RECORDS SUPPLIED Start Marker

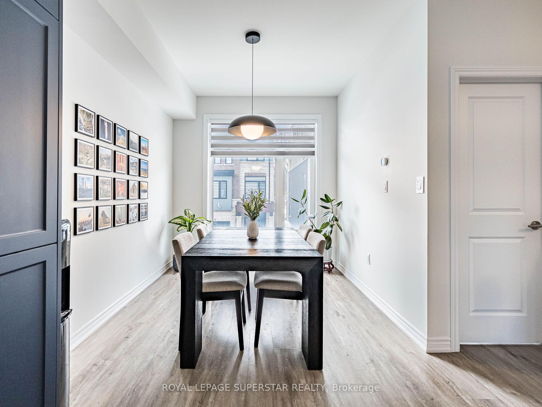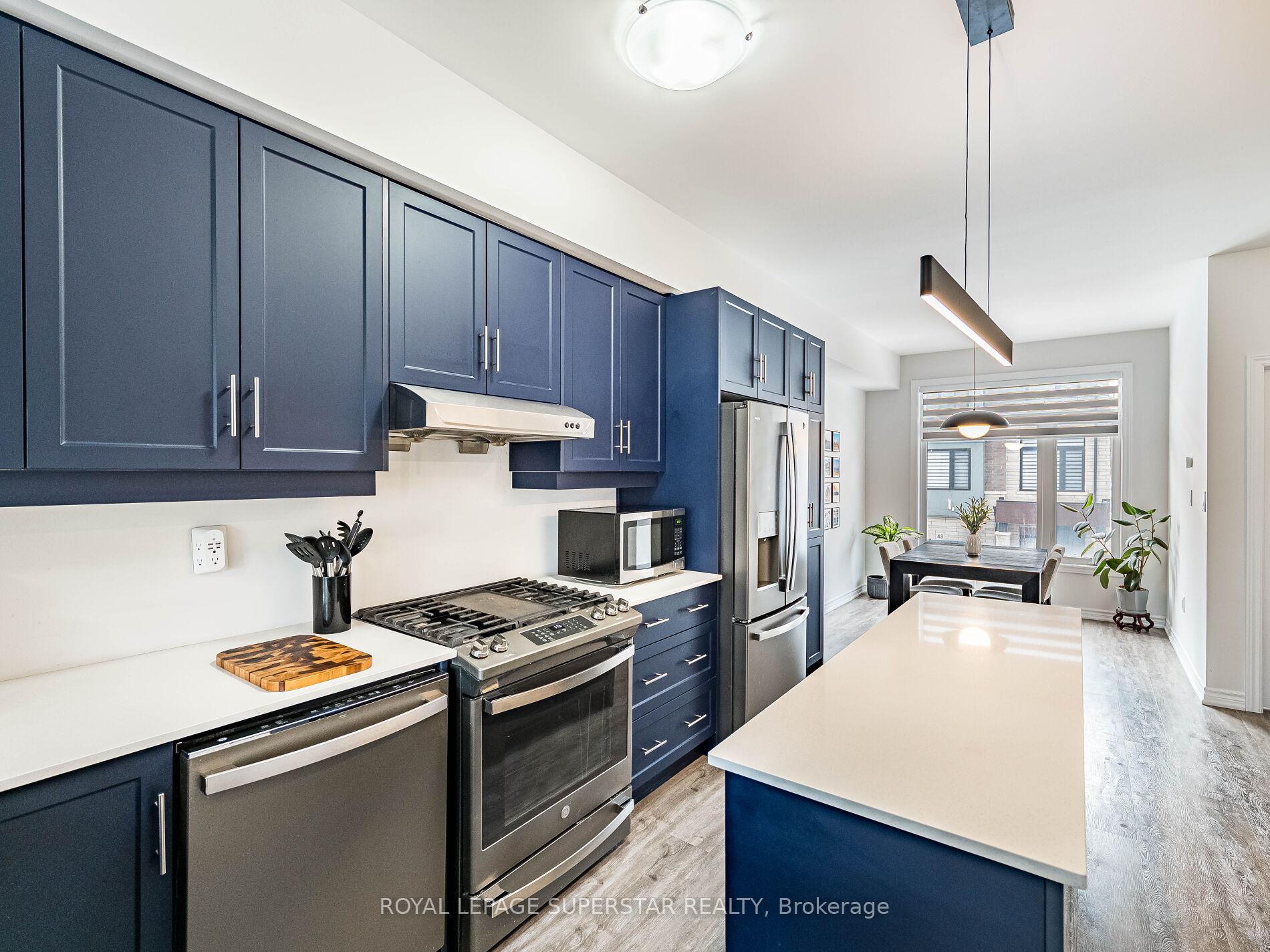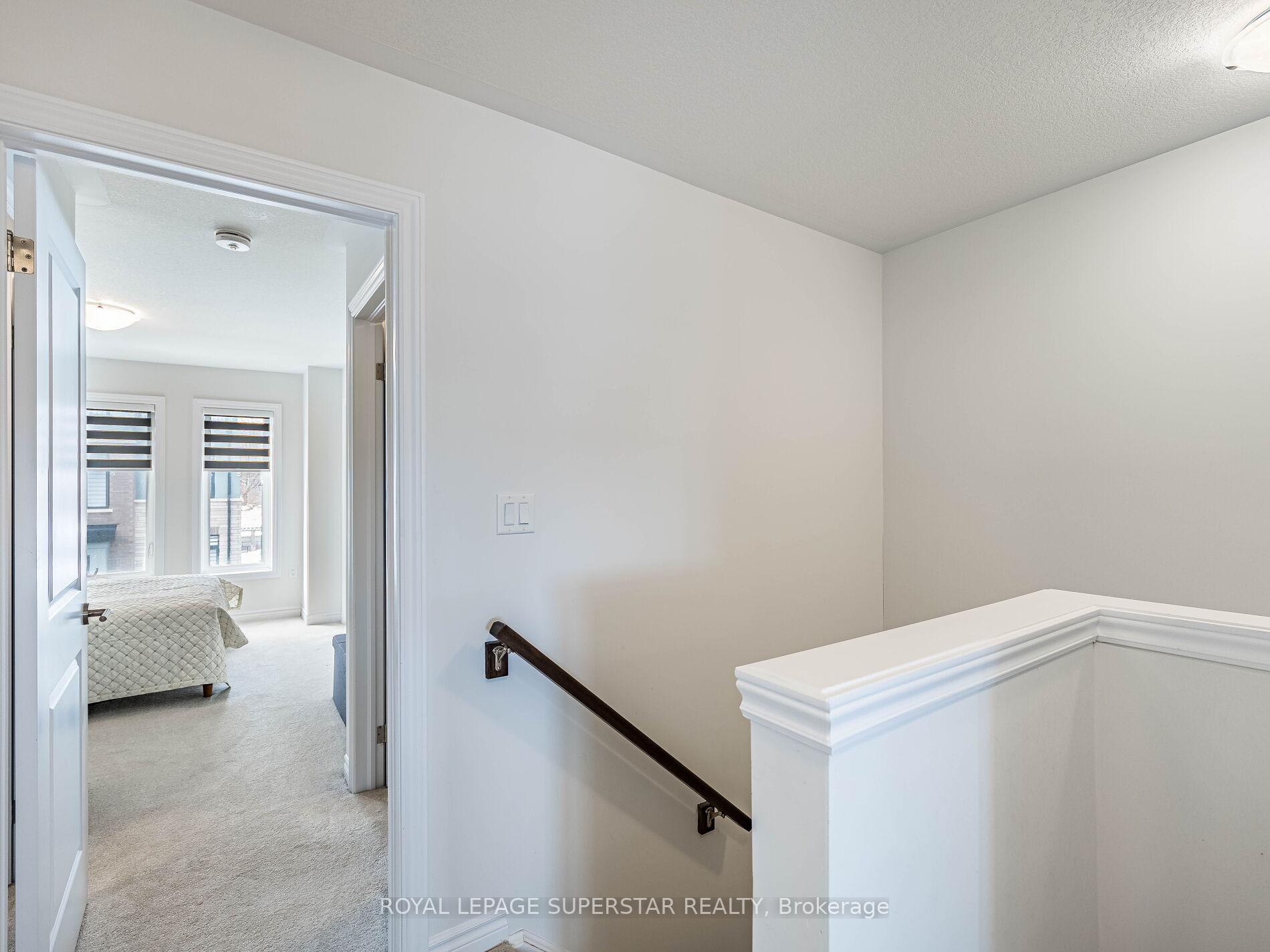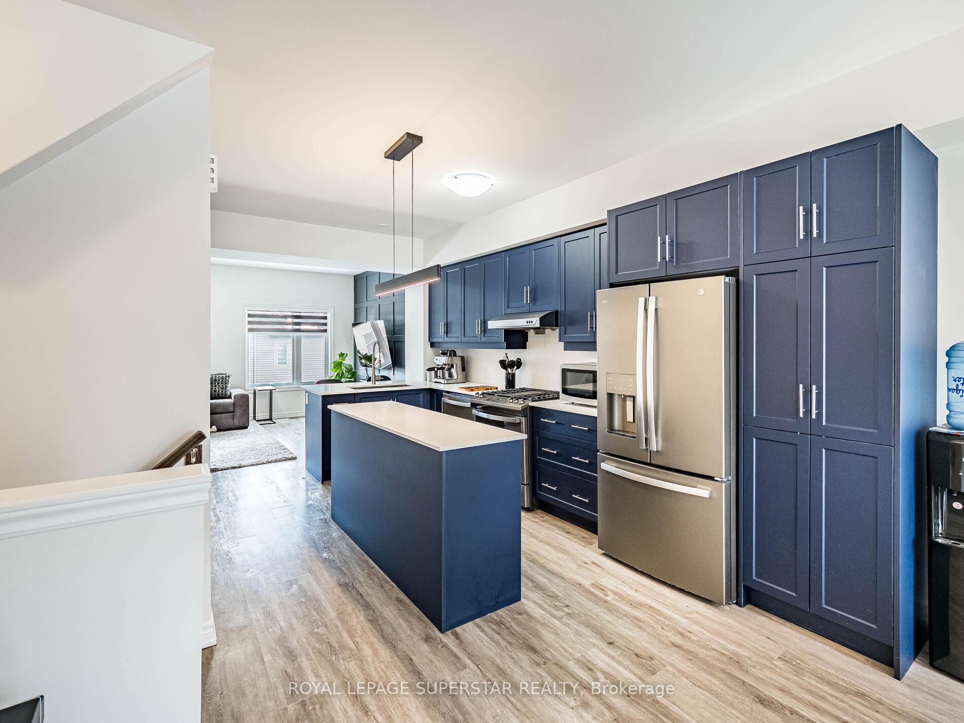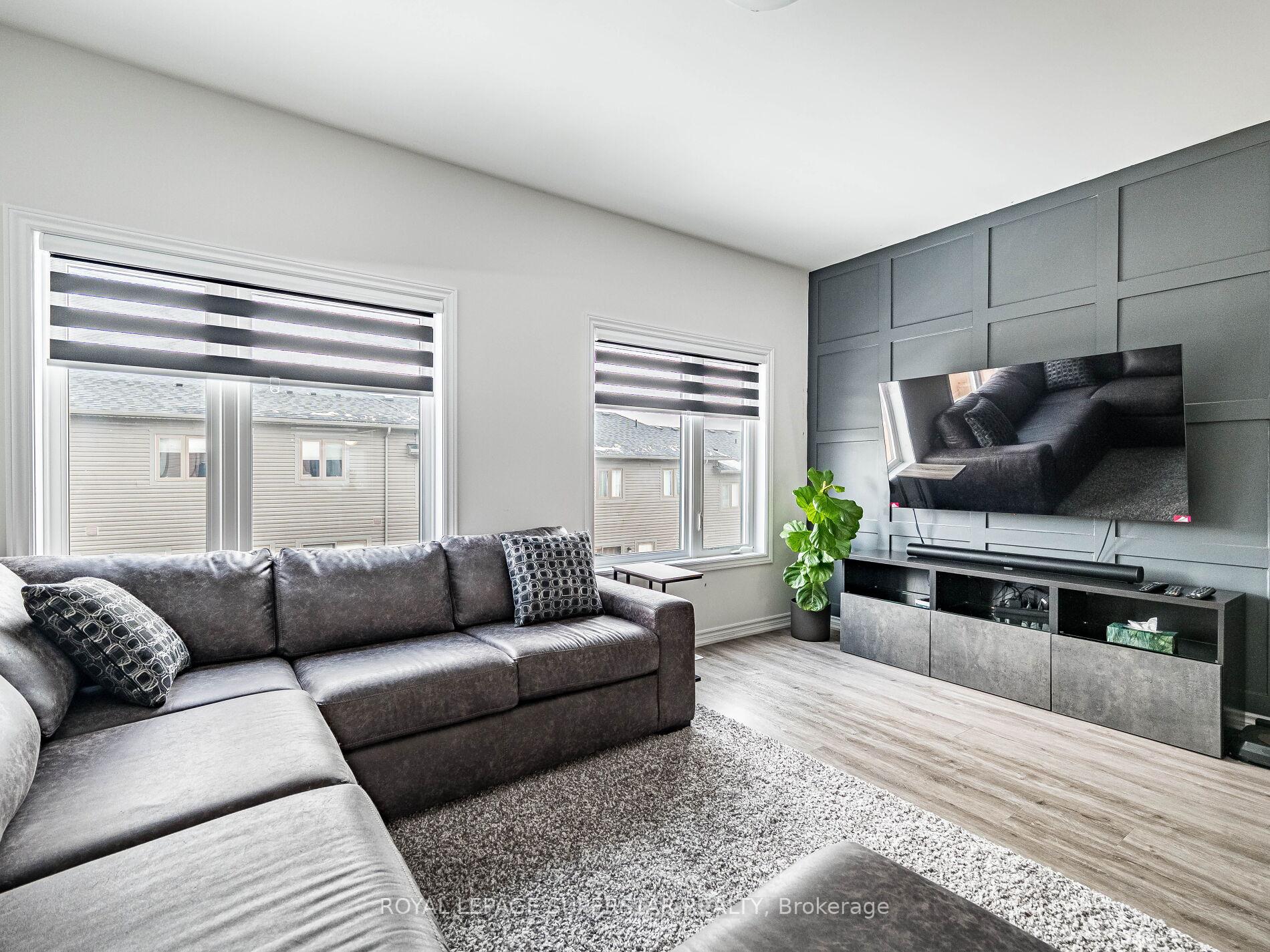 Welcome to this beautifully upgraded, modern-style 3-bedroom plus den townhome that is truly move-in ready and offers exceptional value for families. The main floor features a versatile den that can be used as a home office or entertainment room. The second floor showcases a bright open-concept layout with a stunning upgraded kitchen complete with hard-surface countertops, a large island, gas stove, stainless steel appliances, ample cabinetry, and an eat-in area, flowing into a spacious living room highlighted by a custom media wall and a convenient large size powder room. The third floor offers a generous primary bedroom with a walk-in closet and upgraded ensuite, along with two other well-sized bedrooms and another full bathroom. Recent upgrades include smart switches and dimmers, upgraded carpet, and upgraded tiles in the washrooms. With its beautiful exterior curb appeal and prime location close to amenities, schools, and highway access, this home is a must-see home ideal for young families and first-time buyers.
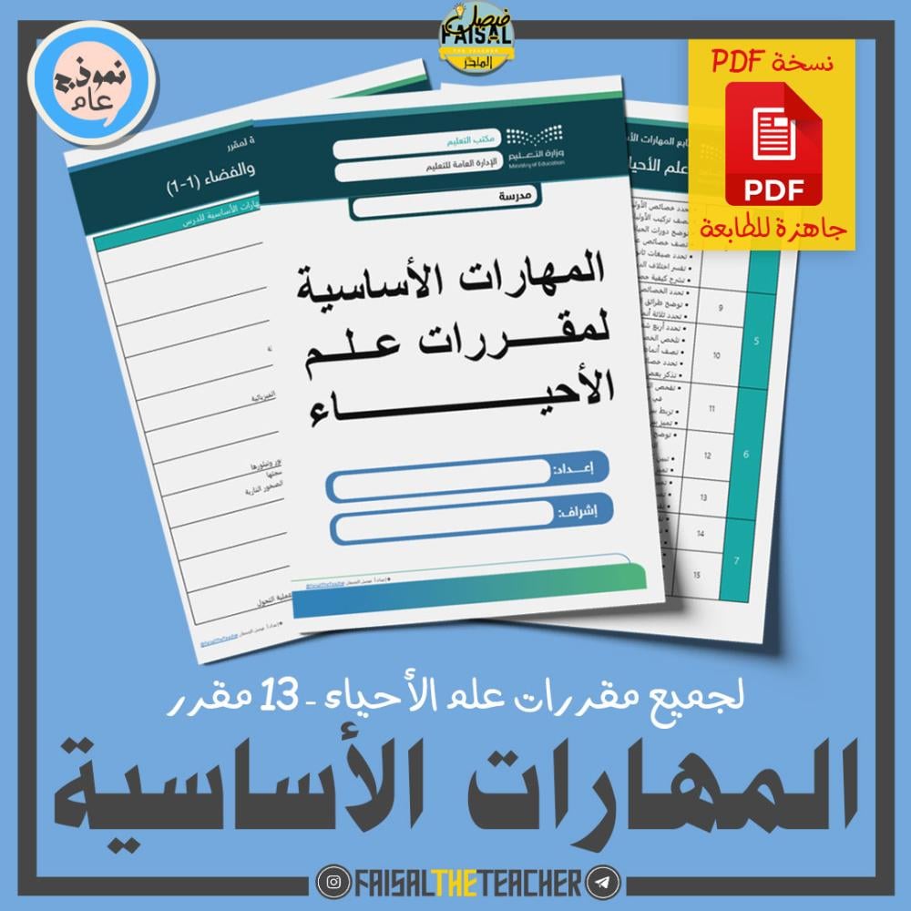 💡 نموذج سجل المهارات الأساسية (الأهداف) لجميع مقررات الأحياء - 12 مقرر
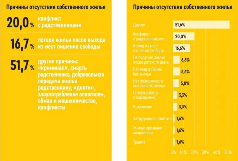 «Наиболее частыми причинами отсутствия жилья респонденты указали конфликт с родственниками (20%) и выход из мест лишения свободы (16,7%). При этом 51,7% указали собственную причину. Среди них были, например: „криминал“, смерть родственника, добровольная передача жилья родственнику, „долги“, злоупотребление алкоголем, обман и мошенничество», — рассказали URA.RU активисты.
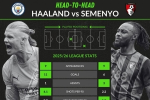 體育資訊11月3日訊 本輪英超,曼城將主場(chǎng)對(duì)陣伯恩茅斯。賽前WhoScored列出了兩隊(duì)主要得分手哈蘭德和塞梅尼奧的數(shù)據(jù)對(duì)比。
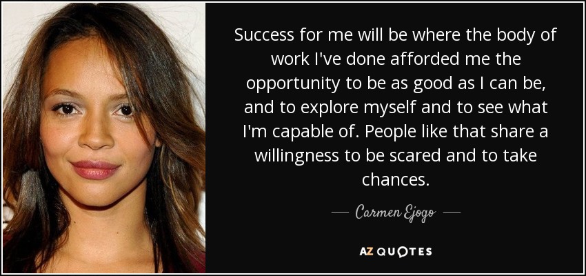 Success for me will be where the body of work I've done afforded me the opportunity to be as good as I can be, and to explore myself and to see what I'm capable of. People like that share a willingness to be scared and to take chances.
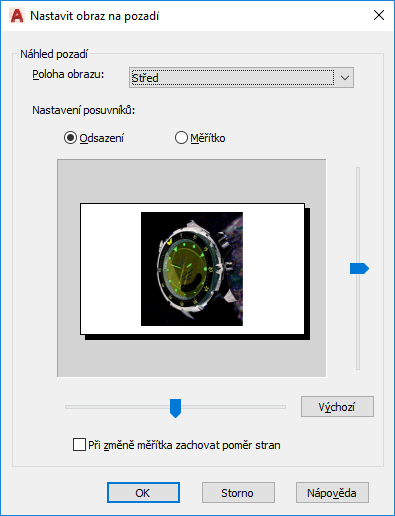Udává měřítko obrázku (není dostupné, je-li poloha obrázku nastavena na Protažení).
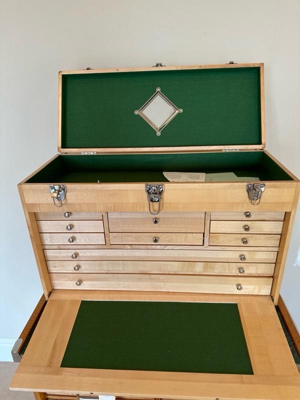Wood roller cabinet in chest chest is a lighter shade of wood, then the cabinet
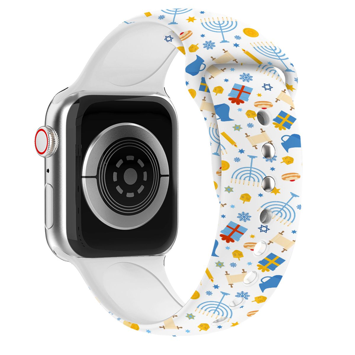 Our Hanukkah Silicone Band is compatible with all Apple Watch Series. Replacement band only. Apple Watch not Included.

RECORDS SUPPLIED End Marker

> **EXERCISE**
The answer should consist only of the lines from the line with "Wood roller cabinet" through the last line of the data, repeated exactly; pictures stay out.

> **RESULT OF THE TASK**
Wood roller cabinet in chest chest is a lighter shade of wood, then the cabinet
 Our Hanukkah Silicone Band is compatible with all Apple Watch Series. Replacement band only. Apple Watch not Included.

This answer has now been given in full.